Symantec / Dominator

The Dominator Config Management and Image Deployment System
Apache License 2.0
108 stars 19 forks source link

Add support for Prometheus metrics #432

Open SuperQ opened 6 years ago

SuperQ commented 6 years ago

It would be nice if the various services exposed a Prometheus /metrics endpoint. This would allow for easy monitoring and alerting, especially useful for Kubernetes users, who very often use Prometheus.

As the project is in Go, we have an efficient library for instrumenting code.

rgooch commented 6 years ago

I'm not really keen on that. I consider the tricorder/Scotty ecosystem a better solution (it supports more than floats and has a better UI for humans to discover and explore the available metrics for an application), and it follows the vision of more integrations in the metrics space (like integrating with the health-agent for health checking during rollouts). Also, I don't want to add another code dependency and bloat out the system. Note also that the tricorder library creates a /metrics endpoint already.

What might be a good alternative is to add the ability to push metrics from Scotty to Prometheus. The advantage of this approach is that none of the Dominator ecosystem components need to be changed.

Please take a look: https://github.com/Symantec/scotty https://docs.google.com/document/d/e/2PACX-1vQPhkHYiLK7aKHLECa9EFtSCBSPK-obgGB8C66d72Kl-ej9NikRKYGsuFj1R9aDTlGiZA7OmXrVw8P3/pub

SuperQ commented 6 years ago

You may be interested in the OpenMetrics format that is being worked on. We are adding support for uint64 there, which covers a couple of use cases where float64 isn't sufficient.

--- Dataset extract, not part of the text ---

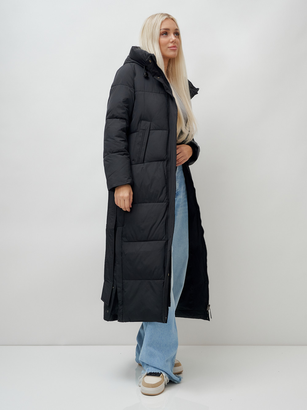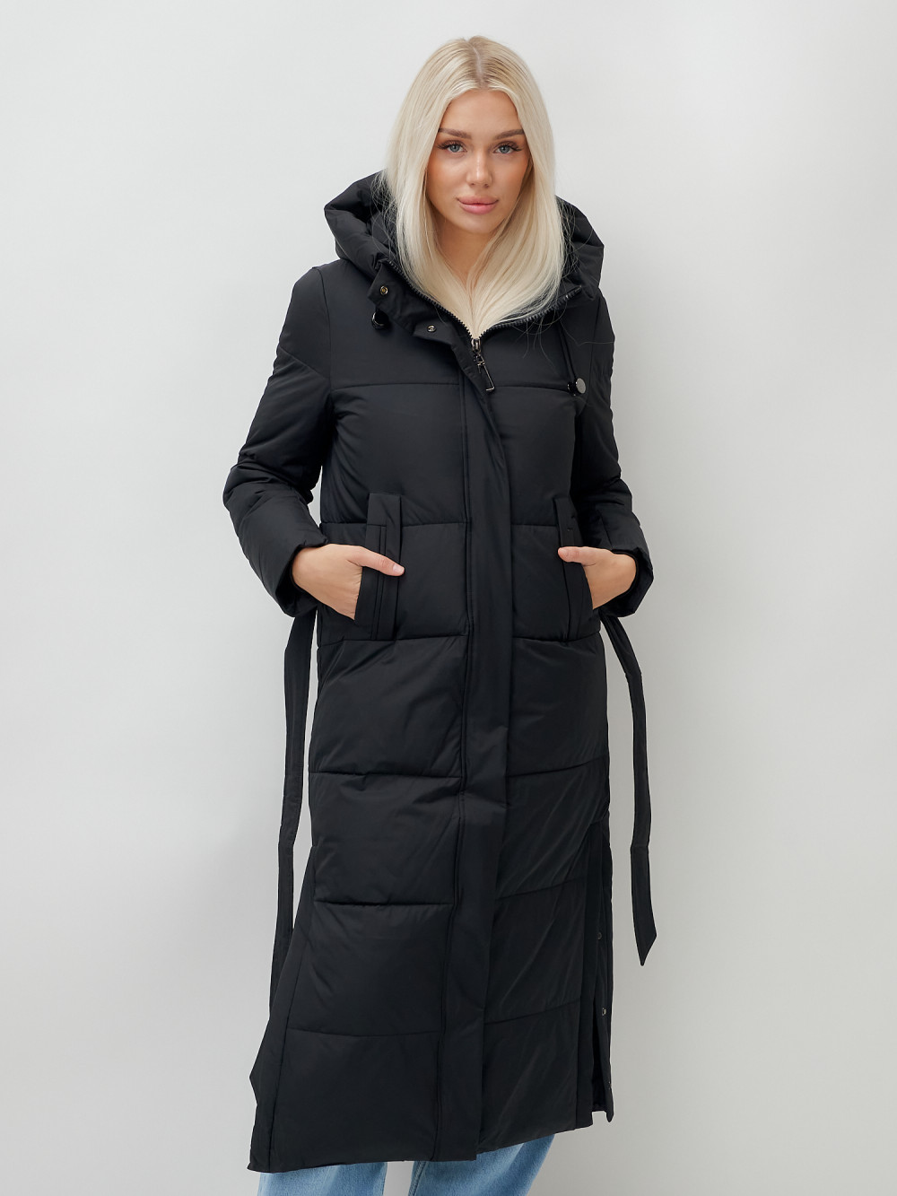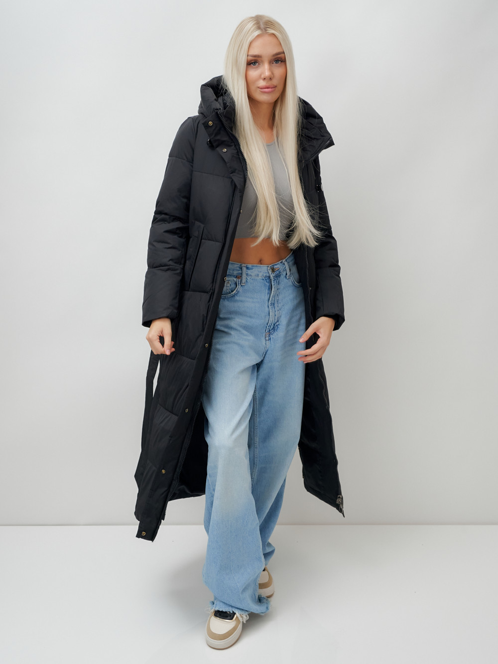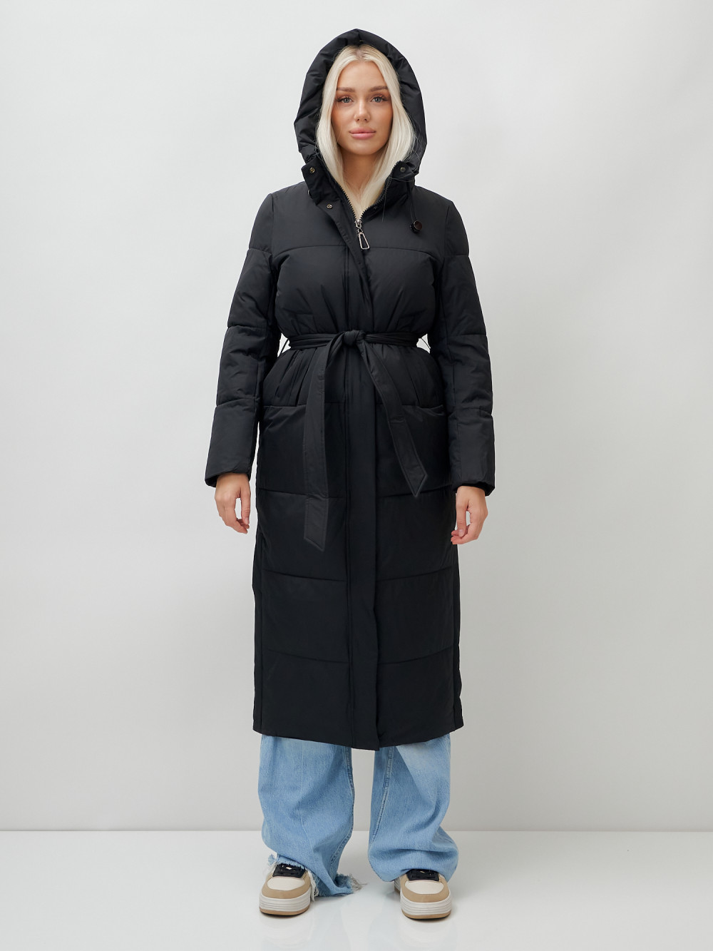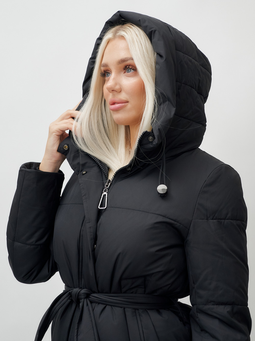 Пальто утепленное стеганное зимнее с капюшоном женское черного цвета 9605Ch — MTFORCE

SuperQ commented 6 years ago

You may also be interested in our TSDB library as it's more than 15x as memory and storage efficient than the TSDB proposed in the scotty design doc. The key trick is that it separates sample values from metric indexing. This allows each 1k series block to contain only samples and timestamps, in a double-delta encoded compressed format. This reduces the per-sample space requirements to less than 1.1 bytes per sample (float64+uint64 epoch ms).

There's a good talk on the design from PromCon last year: https://promcon.io/2017-munich/talks/storing-16-bytes-at-scale/